→ EXERCISE OBJECTIVE: Extract all lines that hold "with" from the records below.
SUPPLIED ENTRIES Start Marker
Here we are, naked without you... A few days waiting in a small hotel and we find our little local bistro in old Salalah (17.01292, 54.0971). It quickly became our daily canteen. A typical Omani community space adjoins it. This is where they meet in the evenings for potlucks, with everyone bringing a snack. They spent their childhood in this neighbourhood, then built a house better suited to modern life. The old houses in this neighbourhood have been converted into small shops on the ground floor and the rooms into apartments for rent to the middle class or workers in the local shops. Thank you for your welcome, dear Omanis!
SUPPLIED ENTRIES End Marker
SUPPLIED ENTRIES Start Marker
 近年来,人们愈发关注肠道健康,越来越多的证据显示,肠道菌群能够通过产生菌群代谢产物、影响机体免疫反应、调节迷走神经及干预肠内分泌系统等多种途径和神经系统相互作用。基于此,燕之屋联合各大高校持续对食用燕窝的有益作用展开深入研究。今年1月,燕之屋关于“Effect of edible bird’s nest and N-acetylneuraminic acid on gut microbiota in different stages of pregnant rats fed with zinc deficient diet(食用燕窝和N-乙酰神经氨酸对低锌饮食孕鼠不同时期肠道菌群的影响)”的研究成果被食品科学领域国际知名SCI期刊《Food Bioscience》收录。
SUPPLIED ENTRIES End Marker
SUPPLIED ENTRIES Start Marker
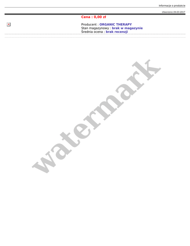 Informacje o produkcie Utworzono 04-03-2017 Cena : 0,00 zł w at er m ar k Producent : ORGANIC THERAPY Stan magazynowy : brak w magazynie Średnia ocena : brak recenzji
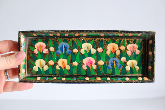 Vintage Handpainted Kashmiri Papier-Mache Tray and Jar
SUPPLIED ENTRIES End Marker
→ OUTPUT OF THE TASK:
Here we are, naked without you... A few days waiting in a small hotel and we find our little local bistro in old Salalah (17.01292, 54.0971). It quickly became our daily canteen. A typical Omani community space adjoins it. This is where they meet in the evenings for potlucks, with everyone bringing a snack. They spent their childhood in this neighbourhood, then built a house better suited to modern life. The old houses in this neighbourhood have been converted into small shops on the ground floor and the rooms into apartments for rent to the middle class or workers in the local shops. Thank you for your welcome, dear Omanis!
 近年来,人们愈发关注肠道健康,越来越多的证据显示,肠道菌群能够通过产生菌群代谢产物、影响机体免疫反应、调节迷走神经及干预肠内分泌系统等多种途径和神经系统相互作用。基于此,燕之屋联合各大高校持续对食用燕窝的有益作用展开深入研究。今年1月,燕之屋关于“Effect of edible bird’s nest and N-acetylneuraminic acid on gut microbiota in different stages of pregnant rats fed with zinc deficient diet(食用燕窝和N-乙酰神经氨酸对低锌饮食孕鼠不同时期肠道菌群的影响)”的研究成果被食品科学领域国际知名SCI期刊《Food Bioscience》收录。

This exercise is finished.